On the use of Quantum inspired Spiking Neural Networks and on their
integration with chaotic measurements on EEG data for modelling
epileptic brain
Abstract.
In the last 20 years a lot of works in literature analysed and
proposed several methods capable to predict the occurrence of
seizures from the electroencephalogram (EEG) of epilepsy patients.
In spite of promising results presented, more recent evaluations
could not reproduce these optimistic findings. This evaluation poses
again the issue of the EEG of epileptic patients used for the
prediction of seizures used in a joint way with other data (e.g.
fMRI). Spatio- and spectro-temporal brain data (STBD) are the most
commonly collected data for measuring brain response to external
stimuli or to internal events such as epileptic seizures. Spiking
neural networks (SNN) are brain-like connectionist methods, where
the output activation function is represented as a train of spikes
and not as a potential. This and other reasons do SNN models more
biologically close to brain principles than any of the previous
Artificial Neural Networks (ANN) methods, and for this reason, are
presented as the third generation of ANN. In fact, they have great
potential for solving complicated time-dependent pattern recognition
problems defined by time series and STBD because of their inherent
dynamical representation. Nevertheless several challenges have been
reported in works in literature for SNN techniques studied. In this
presentation we want to present a particular type of SNN, the
evolving SNN (eSNN) with a Quantum inspired evolutionary technique
for its weights, parameters and features optimization. In fact, the
first challenge approached in in this presentation is the feature
and parameter optimization in a SNN. A QiEA is a novel type of
quantum-inspired evolutionary algorithm (QiEA) for feature and
parameter optimization used here in a SNN. The QiEA is inspired by
the multiple universes principle of quantum computing, such as a
quantum bit and superposition of states. QiEA represents the most
recent advance in the field of evolutionary computation thus, as
second objective, the architecture of a QiESNN is presented here and
proposed for pattern recognition on temporal brain data.

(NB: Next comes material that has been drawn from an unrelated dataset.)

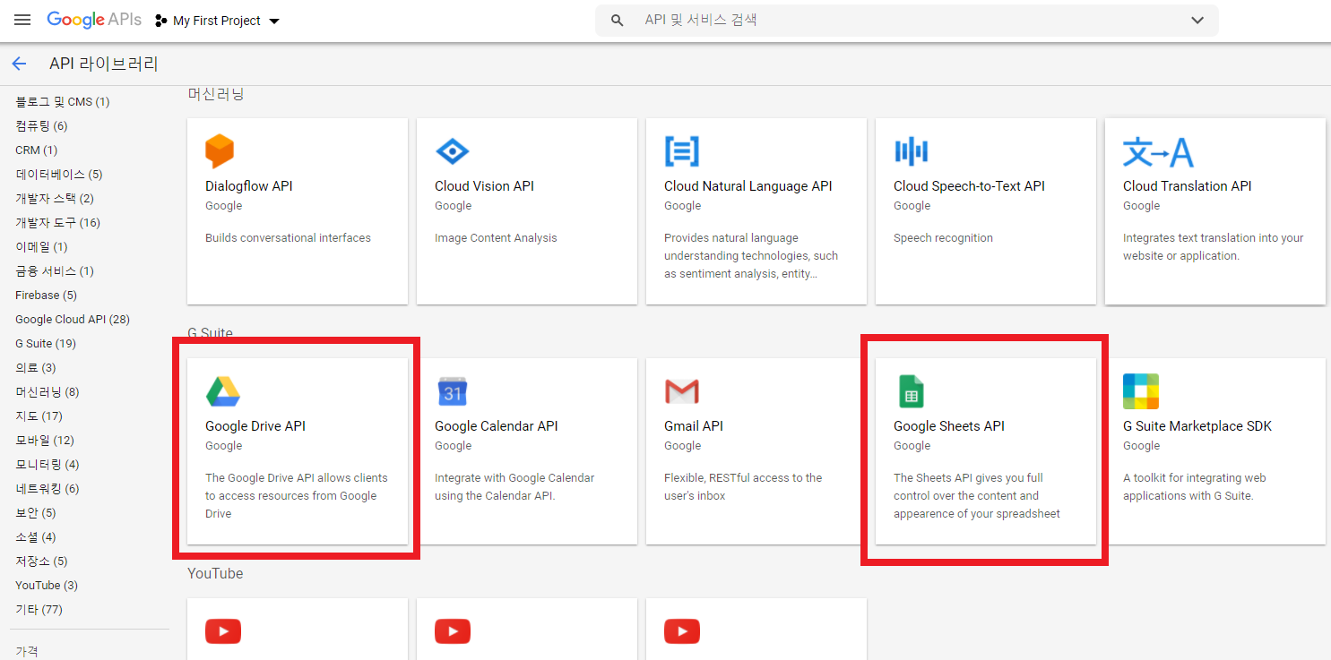 나는 구글스프레드 시트를 사용하기 위해 API 서비스를 이용했기 때문에 아래 두개를 눌러 "사용"으로 활성화시킨다.

The third objective is about the presentation of a framework where
Chaotic measurement and the QiESNN presented before are used in an
integrated way for better understanding the epileptic brain. This
framework concept, architecture and applications are approached with
several possible future evolutions.
Maurizio Fiasché is research coordinator at the Department of
Economics, Management and Industrial Engineering of Politecnico di
Milano (POLIMI), where his research interests are in Computational
Intelligence and ICT for manufacturing. He received a Ph.D. in
Computer Engineering in 2010 and a M.Sc. in Electronical Engineering
with magna cum laude in 2006 at University of Reggio Calabria,
Italy. Member of INNS and Senior Member of IEEE in: Computational
Intelligence, EMB, Signal Processing and Computer societies, He was
involved in two IEEE WGs as member for his expertise: IEEE P23026™
Standard for Systems and software engineering – Engineering and
management of websites for systems, software, and services
information, and IEEE P2145-1™ : Standard for Smart Transducer
Interface for Sensors and Actuators - Common Network Services. He
won a best paper award during ICONIP 2008 conference in Auckland,
NZ. He is author of 37 papers in international journals and
conference proceedings, member in Technical Program committee in
about 50 International Conferences, and referee for top
international Journal also including Elsevier Neural Networks,
Neural Computing and IEEE Transactions. He has been involved as
Senior Researcher in Social&Smart EU FP7 (FIRE Project) with
University of Milan, in white’R FP7 Project, and in Touchplant
Project of Regione Lombardia with Politecnico di Milano. Moreover he
has been lecture for several Universities and Institutes in
Electrotechnical, Statistical Inference, Computer Science and Signal
Processing courses. He is also senior consultant as ICT Project
Manager and Software Engineer for several national and multinational
Companies and consulting Groups since 14 years.